--- Data extract Enclosed Below ---

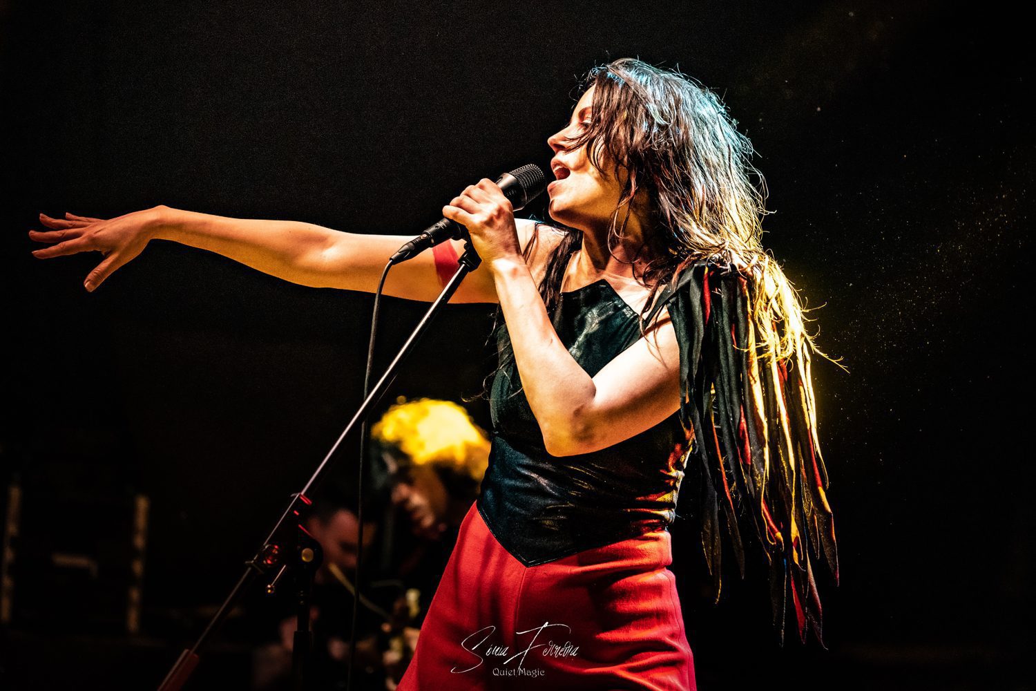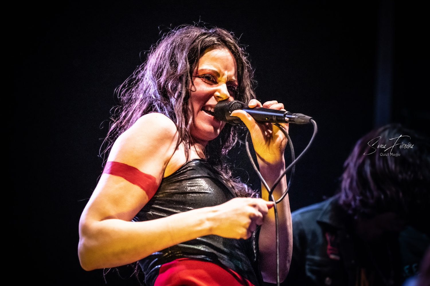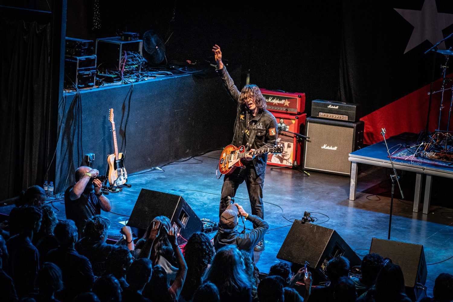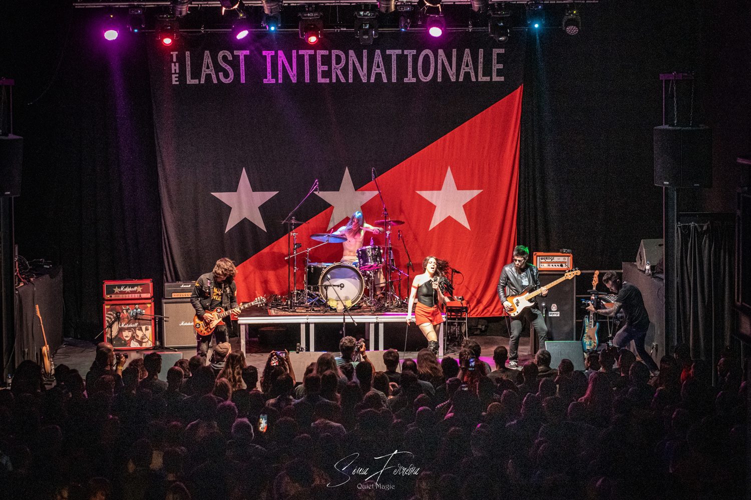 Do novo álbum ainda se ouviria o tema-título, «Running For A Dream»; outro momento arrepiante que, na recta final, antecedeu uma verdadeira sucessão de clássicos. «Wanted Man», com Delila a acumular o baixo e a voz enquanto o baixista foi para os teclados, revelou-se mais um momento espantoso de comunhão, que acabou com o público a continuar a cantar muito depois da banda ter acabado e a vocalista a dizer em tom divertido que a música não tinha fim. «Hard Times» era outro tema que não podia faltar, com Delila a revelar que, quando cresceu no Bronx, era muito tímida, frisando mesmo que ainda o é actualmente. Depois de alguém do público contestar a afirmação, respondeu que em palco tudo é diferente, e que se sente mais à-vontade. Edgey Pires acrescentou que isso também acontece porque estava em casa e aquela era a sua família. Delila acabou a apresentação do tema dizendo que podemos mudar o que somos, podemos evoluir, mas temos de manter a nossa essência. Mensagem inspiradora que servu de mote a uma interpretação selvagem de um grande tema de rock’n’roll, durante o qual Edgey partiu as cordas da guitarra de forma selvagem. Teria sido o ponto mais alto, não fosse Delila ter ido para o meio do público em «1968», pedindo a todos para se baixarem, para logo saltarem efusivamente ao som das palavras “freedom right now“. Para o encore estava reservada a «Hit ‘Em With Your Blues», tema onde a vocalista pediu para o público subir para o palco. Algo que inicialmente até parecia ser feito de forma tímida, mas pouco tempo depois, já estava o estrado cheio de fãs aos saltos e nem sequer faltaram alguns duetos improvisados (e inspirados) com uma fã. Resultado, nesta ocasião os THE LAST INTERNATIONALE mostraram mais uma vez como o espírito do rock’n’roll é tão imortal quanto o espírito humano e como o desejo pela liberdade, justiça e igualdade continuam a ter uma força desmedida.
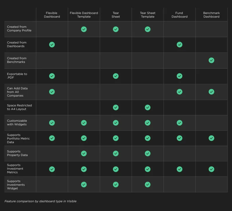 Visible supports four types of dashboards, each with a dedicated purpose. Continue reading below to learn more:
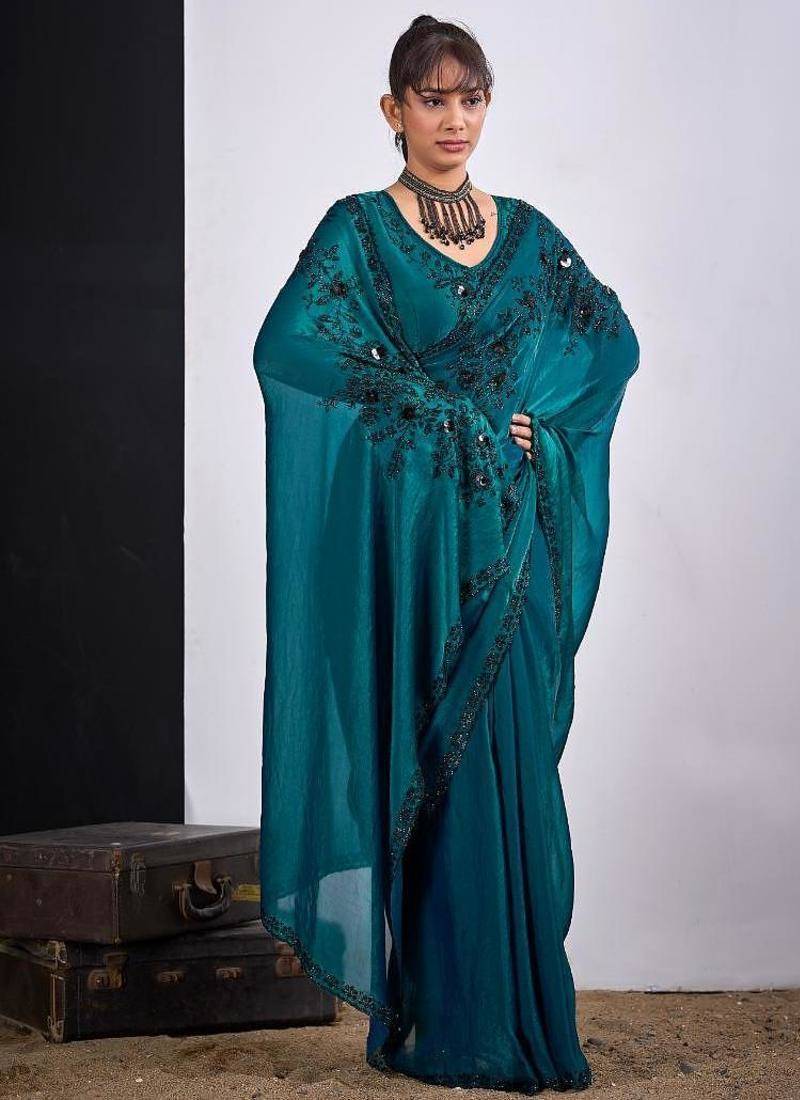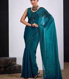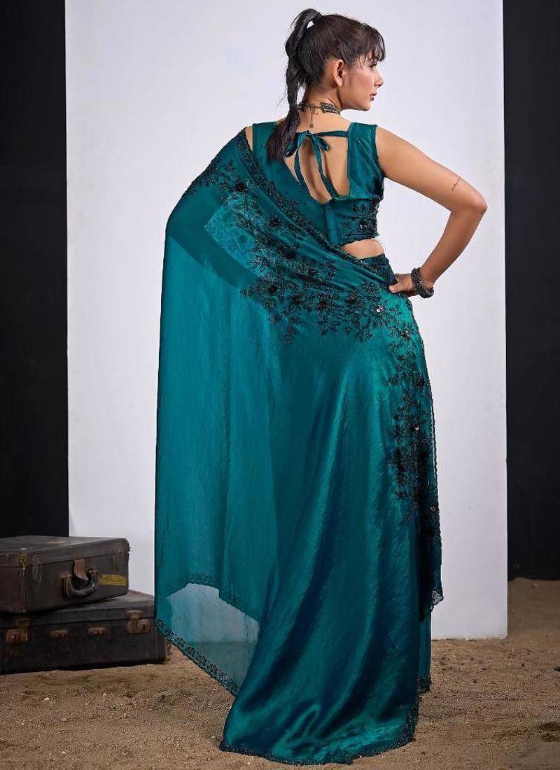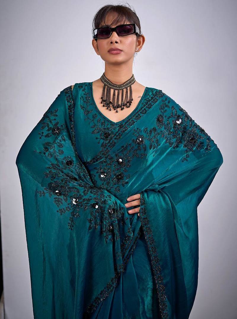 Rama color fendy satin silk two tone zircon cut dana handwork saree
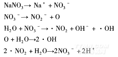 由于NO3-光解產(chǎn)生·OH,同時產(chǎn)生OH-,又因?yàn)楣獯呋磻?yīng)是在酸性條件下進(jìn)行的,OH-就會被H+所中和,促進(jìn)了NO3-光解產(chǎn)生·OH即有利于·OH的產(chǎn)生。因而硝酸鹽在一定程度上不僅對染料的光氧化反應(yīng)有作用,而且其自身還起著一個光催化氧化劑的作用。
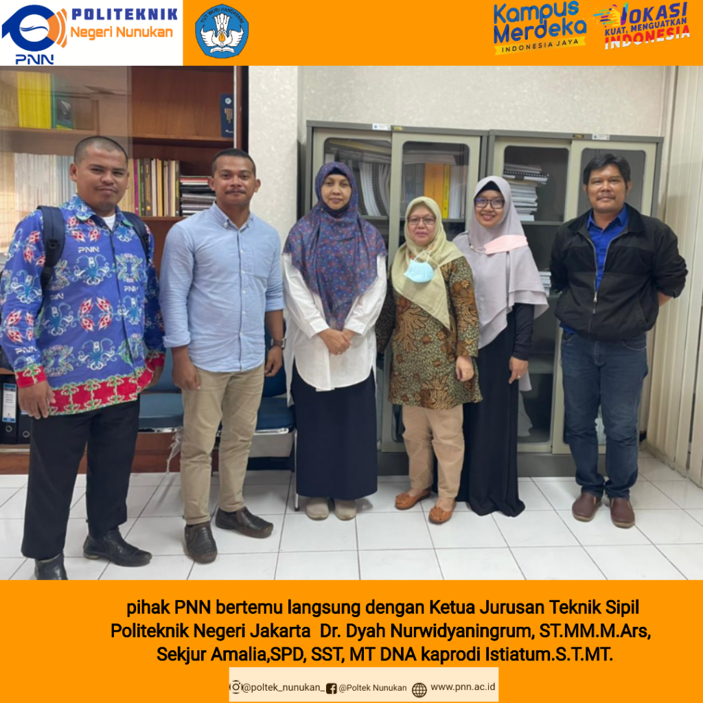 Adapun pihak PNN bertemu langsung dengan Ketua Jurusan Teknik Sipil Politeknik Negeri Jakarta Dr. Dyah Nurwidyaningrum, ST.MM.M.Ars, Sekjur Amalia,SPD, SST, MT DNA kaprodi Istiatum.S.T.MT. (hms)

--- End of Enclosed Data extract ---
--- Data extract Enclosed Below ---

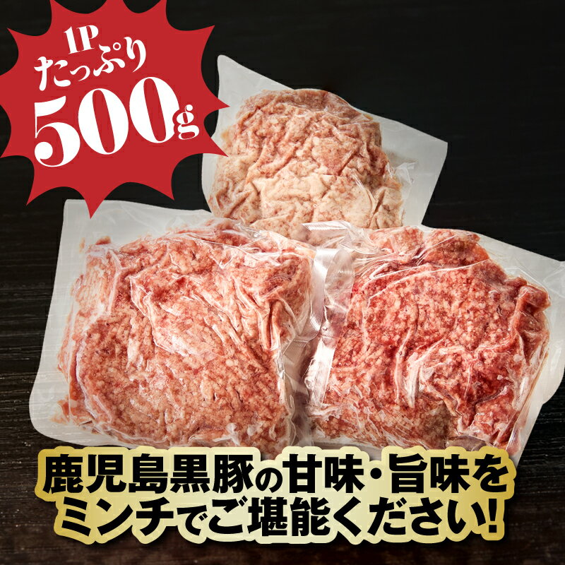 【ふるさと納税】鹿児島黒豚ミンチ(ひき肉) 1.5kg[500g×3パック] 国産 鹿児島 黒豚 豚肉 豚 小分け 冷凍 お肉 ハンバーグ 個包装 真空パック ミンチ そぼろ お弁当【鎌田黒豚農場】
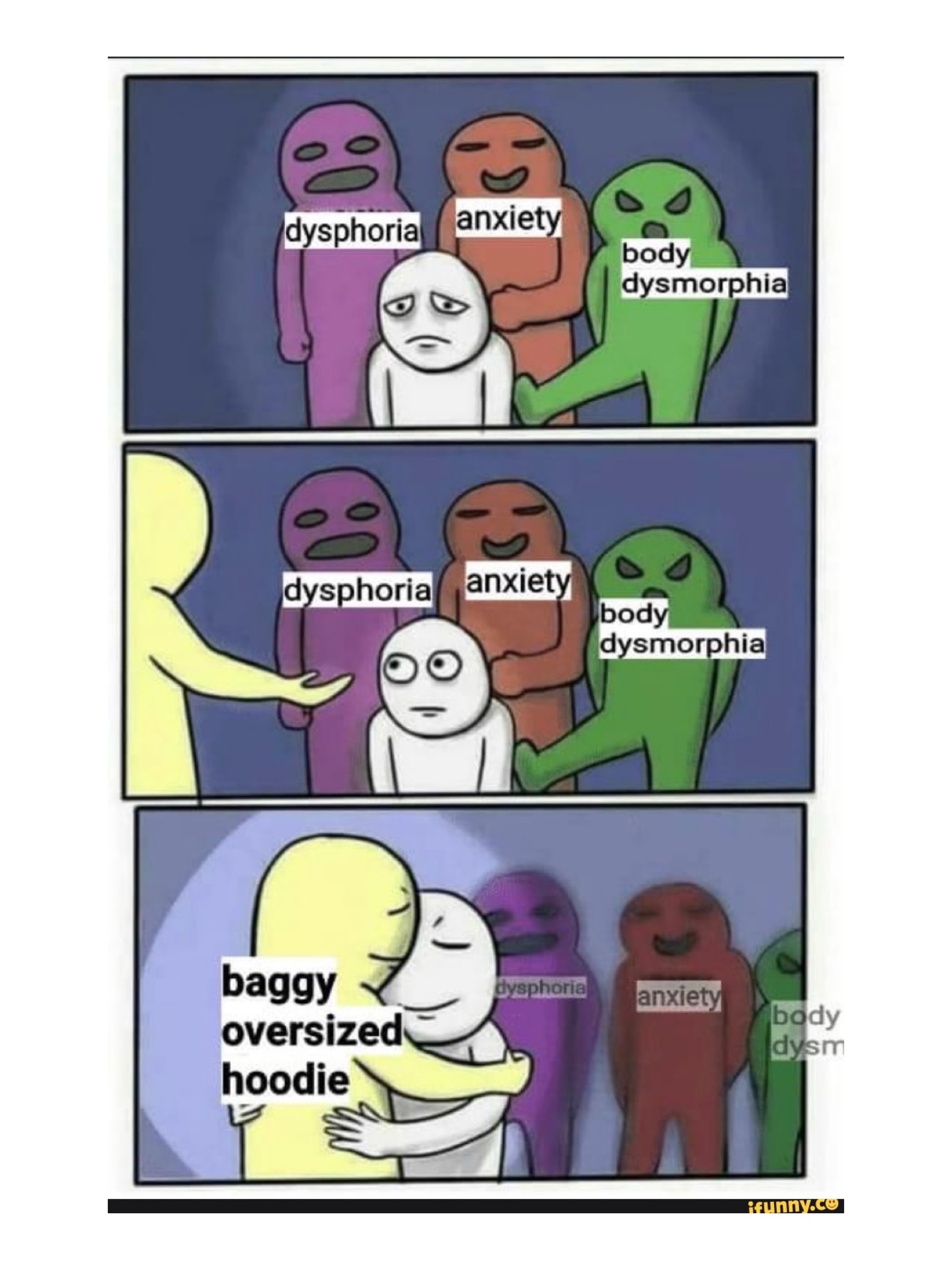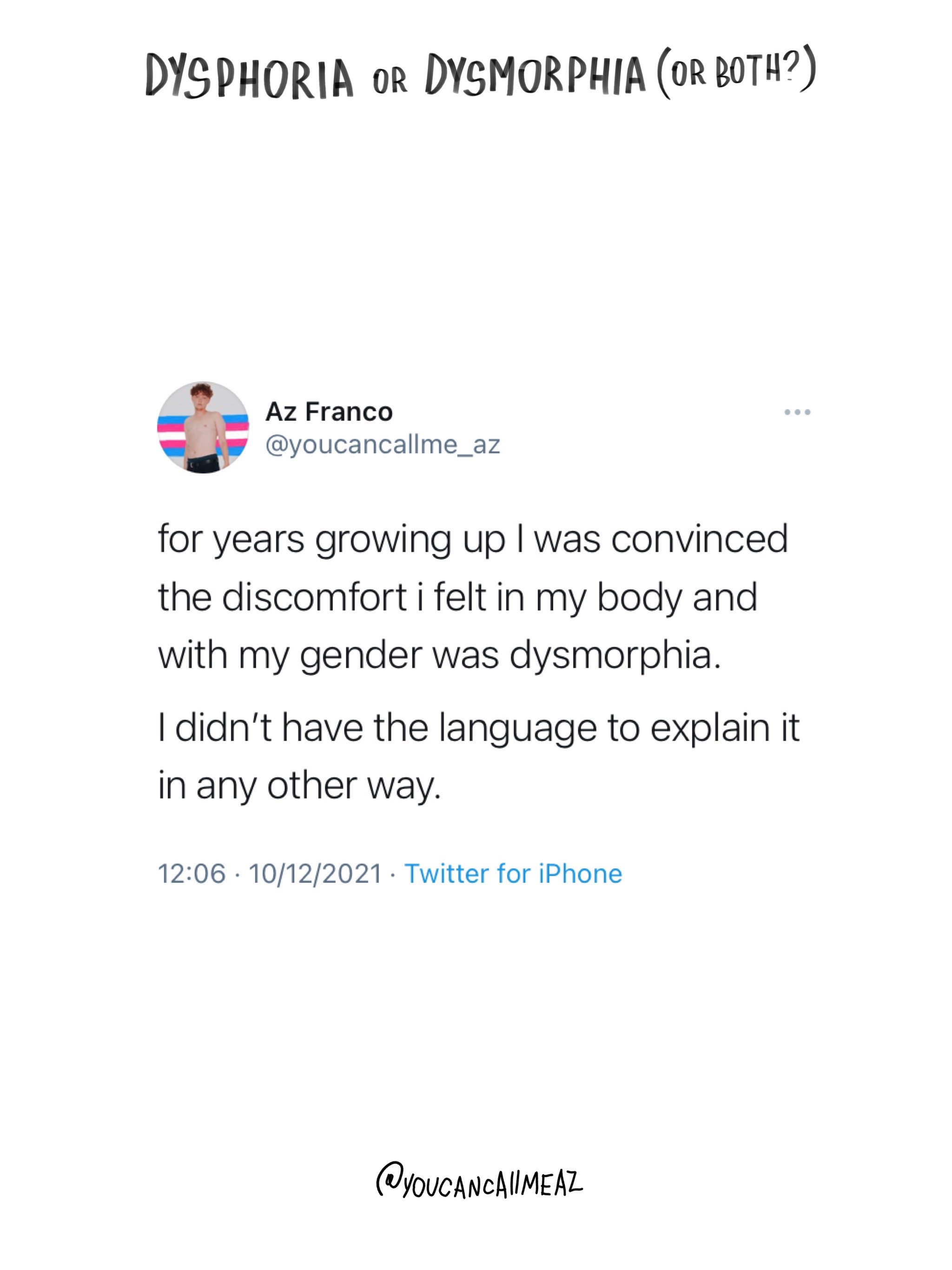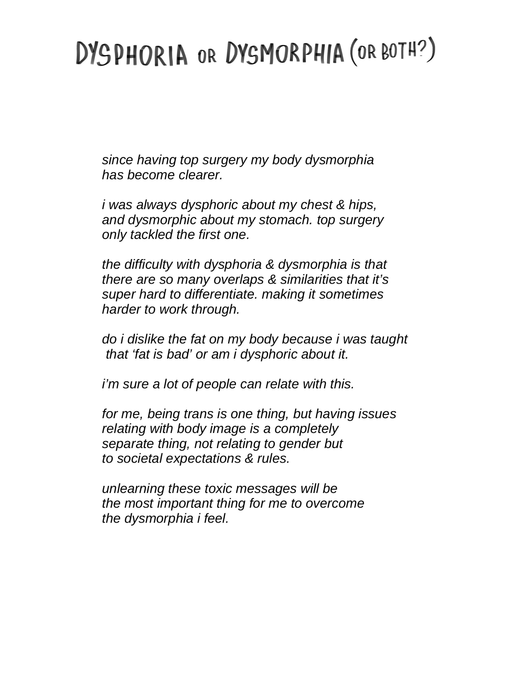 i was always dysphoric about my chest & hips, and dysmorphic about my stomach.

--- End of Enclosed Data extract ---

→ **Exercise aim**:
Copy exactly the material above from the line with "ミンチ そぼろ お弁当【鎌田黒豚農場】" to the line with "i was always", ends included, and nothing else. Leave out any picture.

→ **Task answer**:
 【ふるさと納税】鹿児島黒豚ミンチ(ひき肉) 1.5kg[500g×3パック] 国産 鹿児島 黒豚 豚肉 豚 小分け 冷凍 お肉 ハンバーグ 個包装 真空パック ミンチ そぼろ お弁当【鎌田黒豚農場】
 i was always dysphoric about my chest & hips, and dysmorphic about my stomach.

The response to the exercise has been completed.